None of the pictures should be copied, though every line of the listing must be printed exactly.
..........
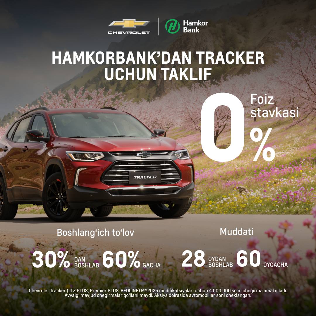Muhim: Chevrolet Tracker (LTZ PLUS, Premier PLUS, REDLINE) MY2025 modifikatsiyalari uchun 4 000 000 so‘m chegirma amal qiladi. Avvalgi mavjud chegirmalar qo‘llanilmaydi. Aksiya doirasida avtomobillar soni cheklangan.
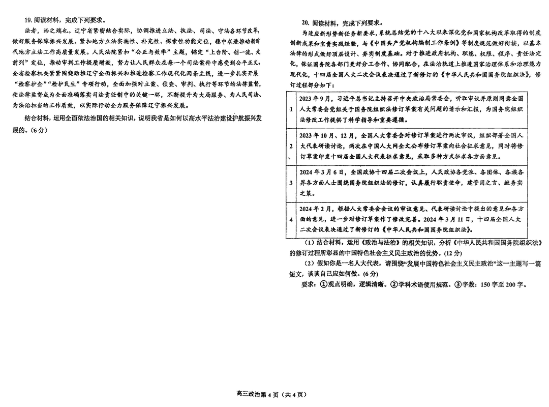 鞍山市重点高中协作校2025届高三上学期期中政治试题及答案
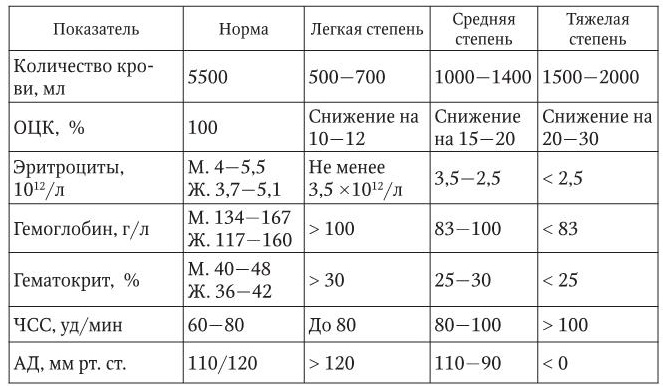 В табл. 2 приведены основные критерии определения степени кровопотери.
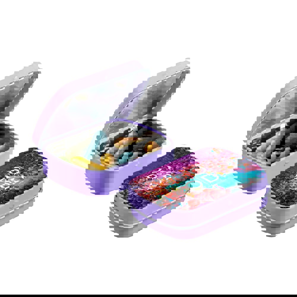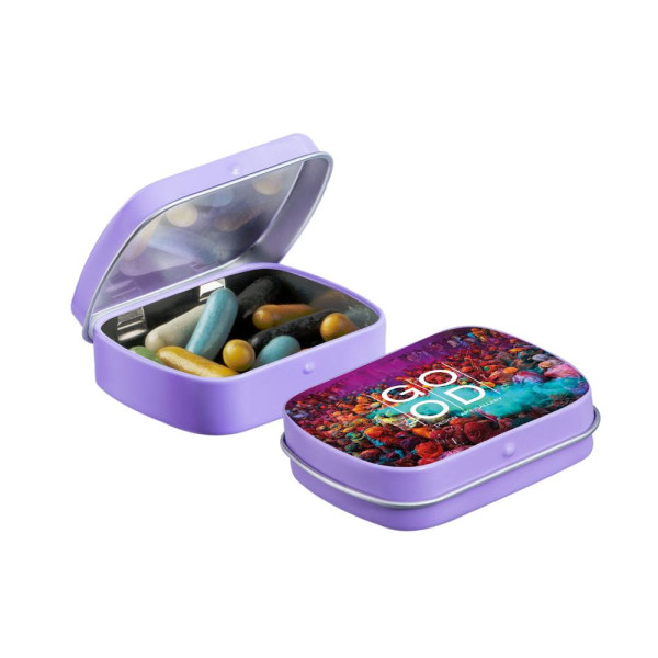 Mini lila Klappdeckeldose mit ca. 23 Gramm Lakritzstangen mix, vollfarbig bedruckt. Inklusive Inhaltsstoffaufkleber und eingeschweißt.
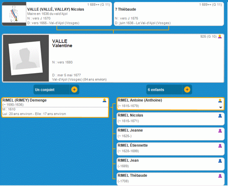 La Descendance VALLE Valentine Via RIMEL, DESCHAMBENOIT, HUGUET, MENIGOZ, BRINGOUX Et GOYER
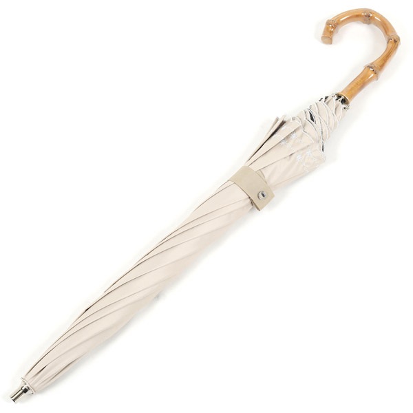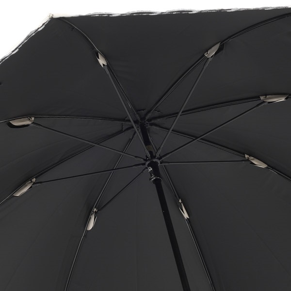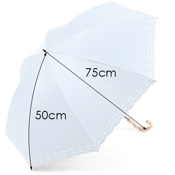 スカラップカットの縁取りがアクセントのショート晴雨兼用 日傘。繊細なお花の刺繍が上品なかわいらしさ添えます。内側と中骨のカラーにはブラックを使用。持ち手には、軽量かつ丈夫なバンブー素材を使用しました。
..........
**TASK SOLUTION**
Muhim: Chevrolet Tracker (LTZ PLUS, Premier PLUS, REDLINE) MY2025 modifikatsiyalari uchun 4 000 000 so‘m chegirma amal qiladi. Avvalgi mavjud chegirmalar qo‘llanilmaydi. Aksiya doirasida avtomobillar soni cheklangan.
 鞍山市重点高中协作校2025届高三上学期期中政治试题及答案
 В табл. 2 приведены основные критерии определения степени кровопотери.
 Mini lila Klappdeckeldose mit ca. 23 Gramm Lakritzstangen mix, vollfarbig bedruckt. Inklusive Inhaltsstoffaufkleber und eingeschweißt.
 La Descendance VALLE Valentine Via RIMEL, DESCHAMBENOIT, HUGUET, MENIGOZ, BRINGOUX Et GOYER
 スカラップカットの縁取りがアクセントのショート晴雨兼用 日傘。繊細なお花の刺繍が上品なかわいらしさ添えます。内側と中骨のカラーにはブラックを使用。持ち手には、軽量かつ丈夫なバンブー素材を使用しました。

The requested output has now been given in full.